* [SOURCE MATERIAL]
+ + + + +
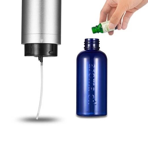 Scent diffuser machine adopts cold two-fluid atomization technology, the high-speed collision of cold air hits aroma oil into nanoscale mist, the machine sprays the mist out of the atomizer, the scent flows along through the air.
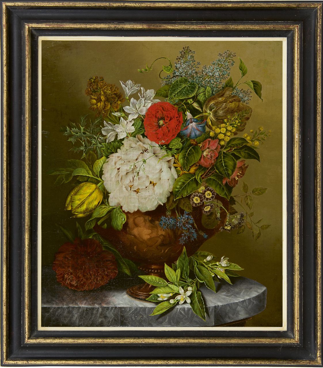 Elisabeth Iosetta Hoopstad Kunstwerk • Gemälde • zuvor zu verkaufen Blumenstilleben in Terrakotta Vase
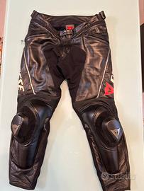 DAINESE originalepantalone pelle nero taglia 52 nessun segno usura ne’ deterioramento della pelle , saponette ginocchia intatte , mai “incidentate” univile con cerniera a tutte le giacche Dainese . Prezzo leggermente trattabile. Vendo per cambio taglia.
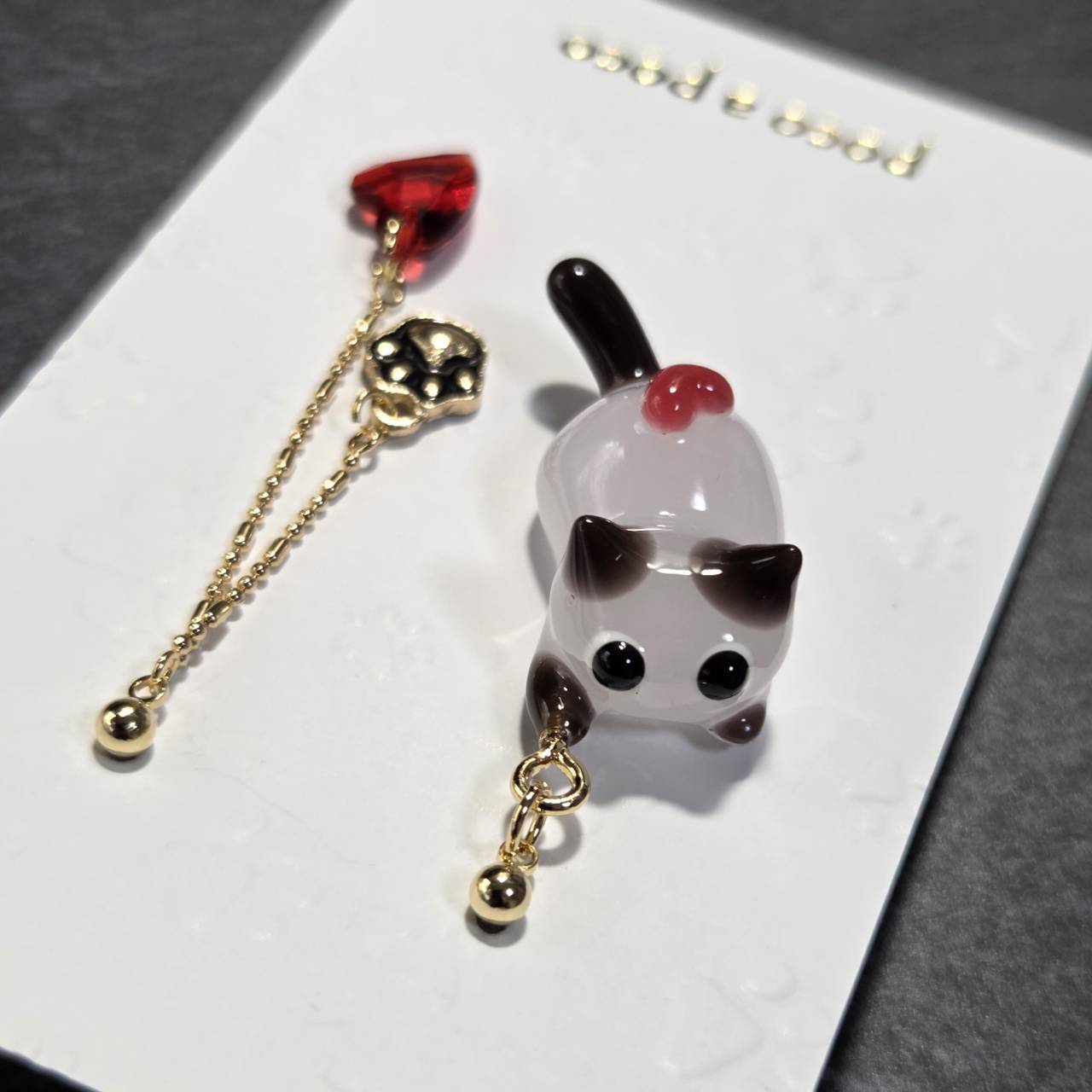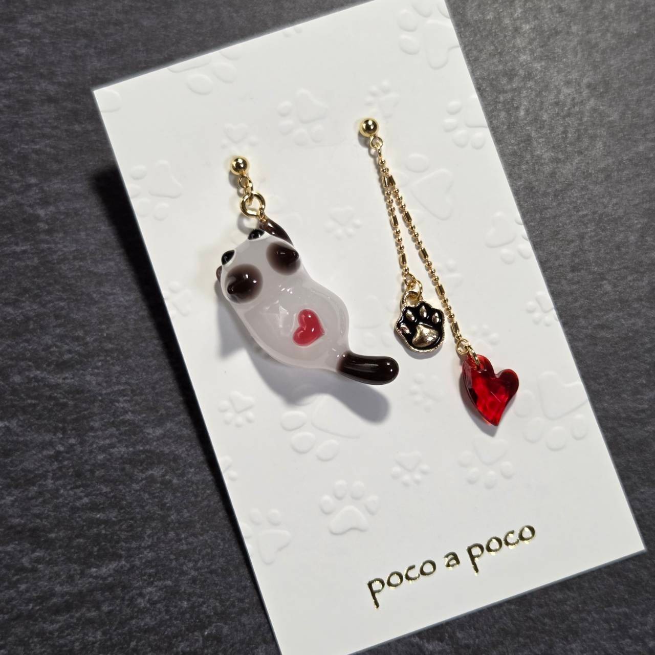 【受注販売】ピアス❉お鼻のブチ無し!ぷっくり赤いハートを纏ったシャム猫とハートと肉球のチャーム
+ + + + +
* [DIRECTIONS FOR THIS TASK]
All of the data should come back exactly as written, but without pictures.

* [REPLY]
 Scent diffuser machine adopts cold two-fluid atomization technology, the high-speed collision of cold air hits aroma oil into nanoscale mist, the machine sprays the mist out of the atomizer, the scent flows along through the air.
 Elisabeth Iosetta Hoopstad Kunstwerk • Gemälde • zuvor zu verkaufen Blumenstilleben in Terrakotta Vase
 DAINESE originalepantalone pelle nero taglia 52 nessun segno usura ne’ deterioramento della pelle , saponette ginocchia intatte , mai “incidentate” univile con cerniera a tutte le giacche Dainese . Prezzo leggermente trattabile. Vendo per cambio taglia.
 【受注販売】ピアス❉お鼻のブチ無し!ぷっくり赤いハートを纏ったシャム猫とハートと肉球のチャーム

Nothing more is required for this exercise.